He moved across to the couch and pulled her to her feet. “That gives us almost five hours to kill.” He held her hand securely. “What on earth can we find to do?”
She drew away from him. “There’s a newspaper there,” she told him. “You can read that while I prepare a meal for you.”
She went into the kitchen and he followed her and stood leaning in the doorway, a slight smile on his face. “I much prefer to watch you.”

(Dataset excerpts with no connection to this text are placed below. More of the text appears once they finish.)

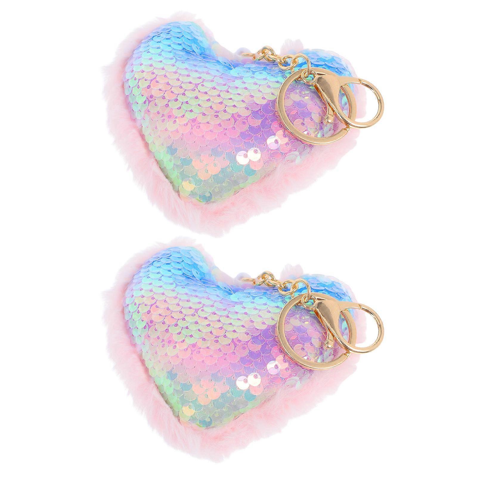 Heart Keychain Charm for Decoration 8Pcs Women Sequin Plush Heart Bag Charm with Sequins
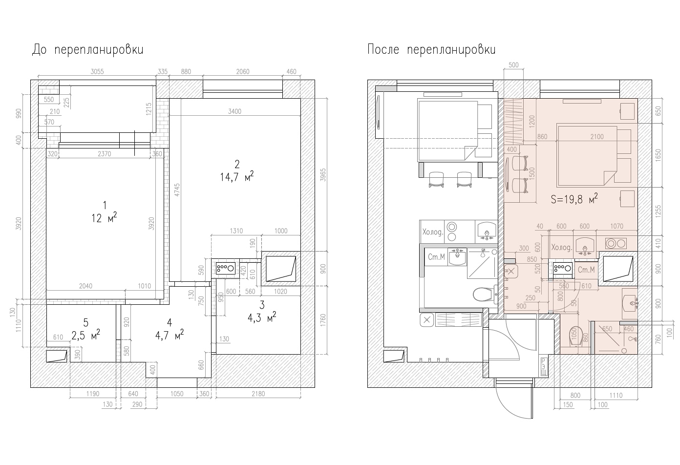 Апартаменты, купленные для сдачи в аренду посуточно, требовалось разделить на две небольшие, но оснащенные всем необходимым студии. Задачу усложняло то, что в помещении был всего один сантехнический стояк. Для того, чтобы подвести коммуникации во вторую студию, мы на 20 сантиметров подняли пол в санузле и прихожей первой студии.
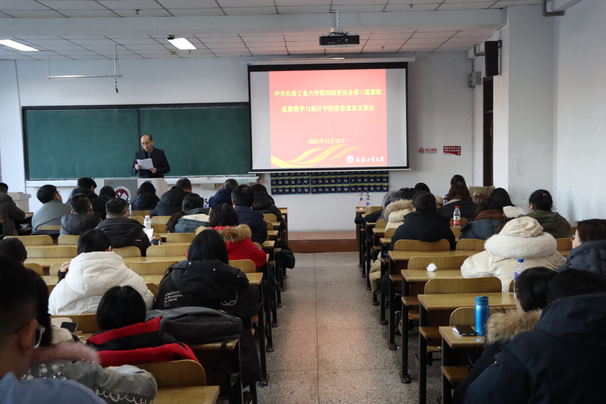 根据学校巡察工作领导小组的部署安排,2024年12月18日,党委第三巡察组向欧冠官方网站党委反馈巡察情况。学校党委第三巡察组组长李海峰传达了学校党委书记、巡察工作领导小组组长孙长智同志在党委常委会听取巡察情况汇报后的讲话精神,并对抓好巡察整改工作提出要求。党委第三巡察组副组长薛勇向欧冠官方网站党委领导班子反馈了巡察情况。学院党委书记王丹就做好巡察整改工作讲话。
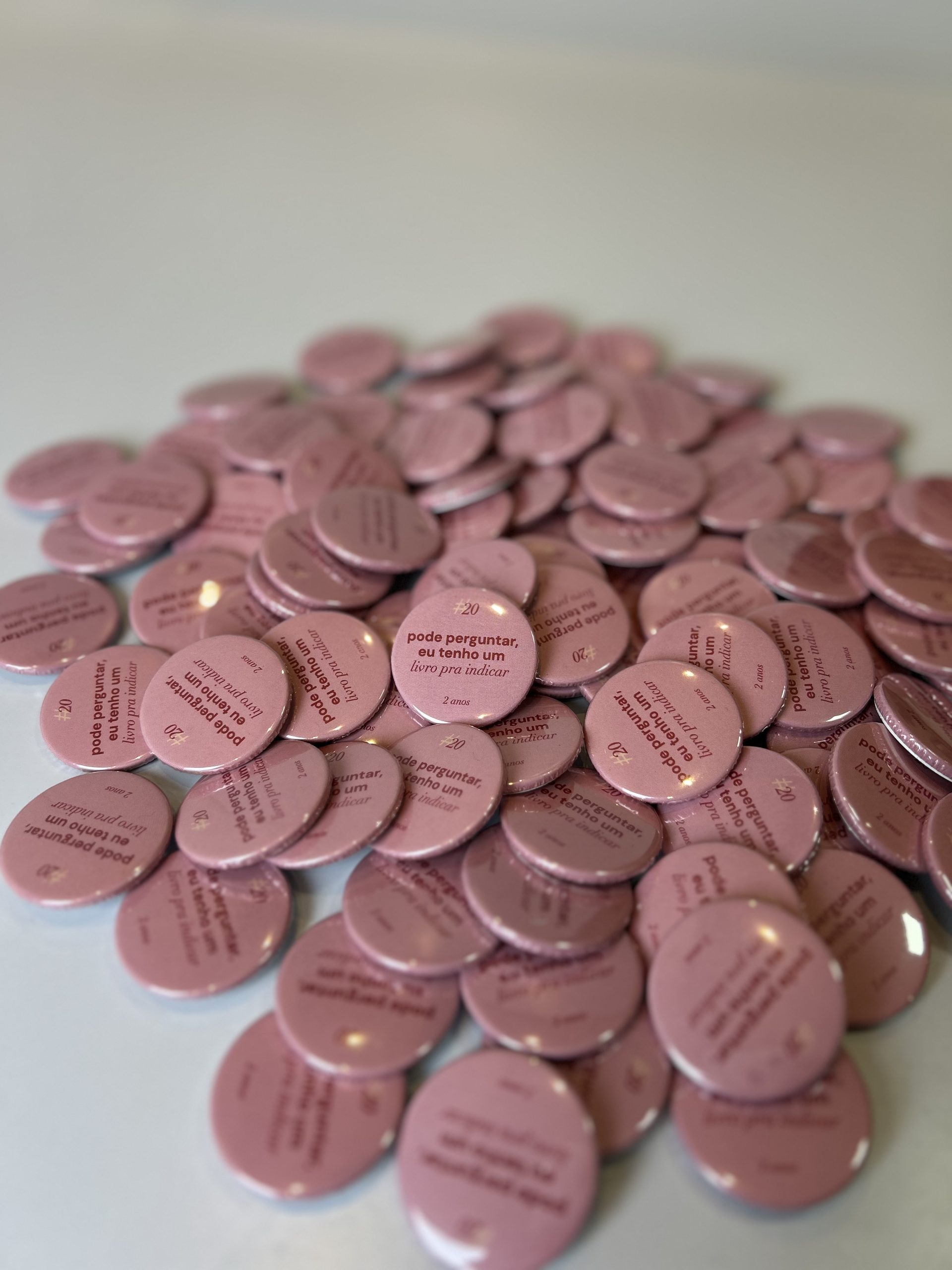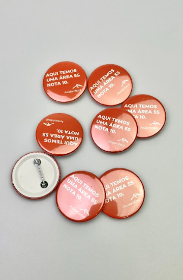 Bottons 3,5×3,5cm e 5,5×5,5cm com impressão colorida frente única (4×0) e alfinete. Arte 100% personalizada com a identidade visual da sua marca, sem custo adicional.
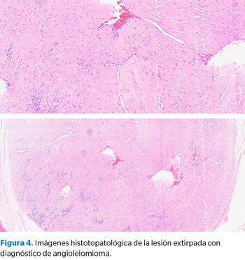 Los hallazgos histopatológicos característicos incluyen haces concéntricos de músculos lisos que se cruzan e irradian las paredes de los vasos sanguíneos y son determinantes para el diagnóstico de angioleiomioma. Un nódulo subcutáneo firme y solitario de la extremidad inferior con diferenciación obvia del músculo liso en secciones teñidas con hematoxilina-eosina confirmada por tinción roja en una tinción tricorme de Masson e inmunohistoquímica con anticuerpos contra el músculo liso, es diagnóstico de leiomioma vascular9 .

She turned to look at him, and suddenly she moved forward and into his arms. “Oh, Paul, I was so frightened for you,” she said. “You’ll never know how frightened I was.”
He held her tightly in his arms and stroked her hair and whispered comfortingly, and all the time he was staring out of the opposite window as he admitted the one, hard fact that he had not wanted to acknowledge. That from the moment he had first seen her at the Taj Mahal, standing just inside the door in her ridiculous harlot’s dress, he had been caught in a tide of emotion so strong it could not possibly be denied.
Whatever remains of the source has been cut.